There are a lot of things to criticize about LLMs (the answer is quite likely to ignore what you're actually asking, for example) but your speed problem looks like a config issue instead. Are you calling the API in streaming mode?

pickettd · 2024-12-29T18:38:18 1735497498

My gut feeling is that there may be optimization you can do for faster performance (but I could be wrong since I don't know your setup or requirements). In general on a 4090 running between Q6-Q8 quants my tokens/sec have been similar to what I see on cloud providers (for open/local models). The fastest local configuration I've tested is Exllama/TabbyAPI with speculative-decoding (and quantized cache to be able to fit more context)

nobodyandproud · 2024-12-29T21:32:16 1735507936

You may have been running with CPU inference, or running models that don’t fit your VRAM.

I was running a 5 bit quantized model of codestral 22b with a Radeon RX 7900 (20 gb), compiled with Vulkan only.

Eyeball only, but the prompt responses were maybe 2x or 3x slower than OpenLLMs gpt-4o (maybe 2-4 seconds for most paragraph long responses).

jhatemyjob · 2024-12-29T20:22:15 1735503735

yeah many people don't understand how cheap it is to use the chatgpt API

not to mention all of the other benefits of delegating all the work of setting up the GPUs, public HTTP server, designing the API, security, keeping the model up-to-date with the state of the art, etc

reminds me of the people in the 2000s / early 2010s who would build their own linux boxes back when the platform was super unstable, constantly fighting driver issues etc instead of just getting a mac.
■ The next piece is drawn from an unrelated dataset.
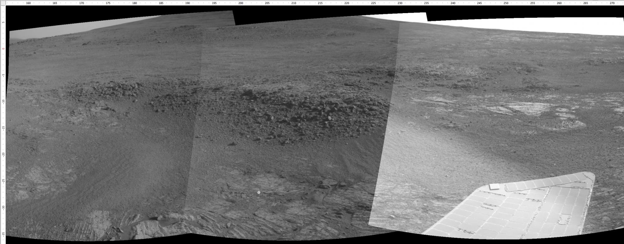 This morning we arrived at that outcrop where Opportunity will spent the weekend doing detailed analysis before moving on. Current the solar power is getting less as late fall approaches on Mars. So Opportunity needs to start the climb along the ridge of Solander Point where the northerly slopes will yield more power and science activities may continue I the coming months.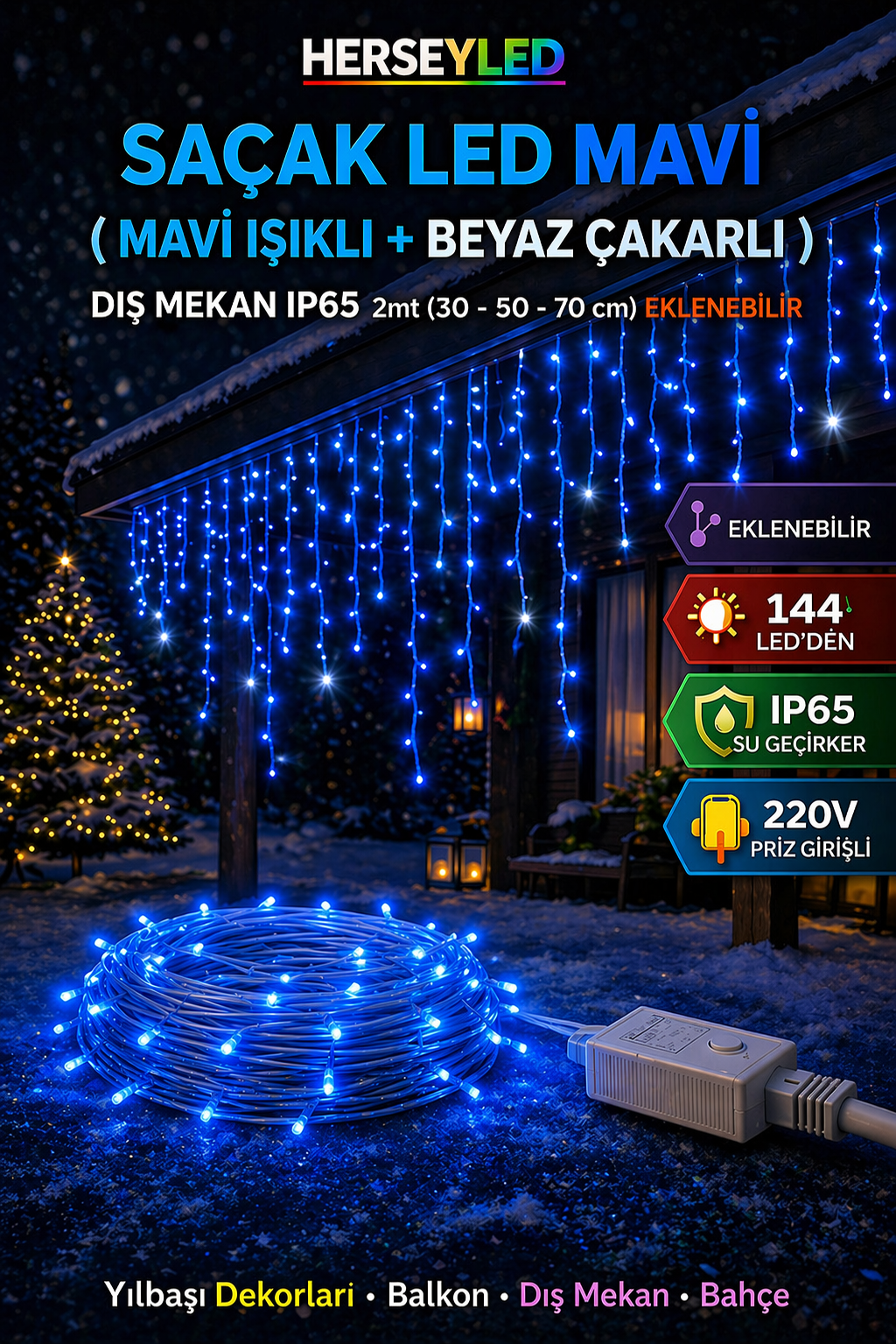SAÇAK LED MAVİ IŞIK ( BEYAZ PARILTILI ) DIŞ MEKAN IP65 2MT (30 -50-70CM) EKLENEBİLİR 144 LEDLİ BEYAZ KABLOLU YILBAŞI LED IŞIK 220V (ALS-1441MB )

roll-your-own-LLM makes even less sense. at least for those early 2000s linux guys, even if you spent an ungodly amount of time going through the arch wiki or compiling gentoo or whatever, at least those skills are somewhat transferrable to sysadmin/SRE. i dont see how setting up your own instance of ollama has any transferable skills

the only way i could see it making sense is if you're doing super cutting edge stuff that necessitates owning a tinybox, or if you're trying to get a job at openAI or anysphere

eikenberry · 2024-12-29T20:50:27 1735505427

Depends on what you value. Many people value keeping general purpose computing free/libre and available to as many as possible. This means using free systems and helping those systems mature.

jhatemyjob · 2024-12-30T00:22:19 1735518139

If you're in a position like mitchellh or antirez then more power to you

grahamj · 2024-12-30T02:33:44 1735526024

I would agree with that if I didn't mind handing over my prompts/data to big tech companies.

But I do.

jhatemyjob · 2024-12-31T03:21:44 1735615304

There are similar superstitions around proprietary software, I hope one day you are able to overcome it before you waste too much of your precious time

grahamj · 2024-12-31T04:37:02 1735619822

In what way is wanting to keep my prompts and data private superstition?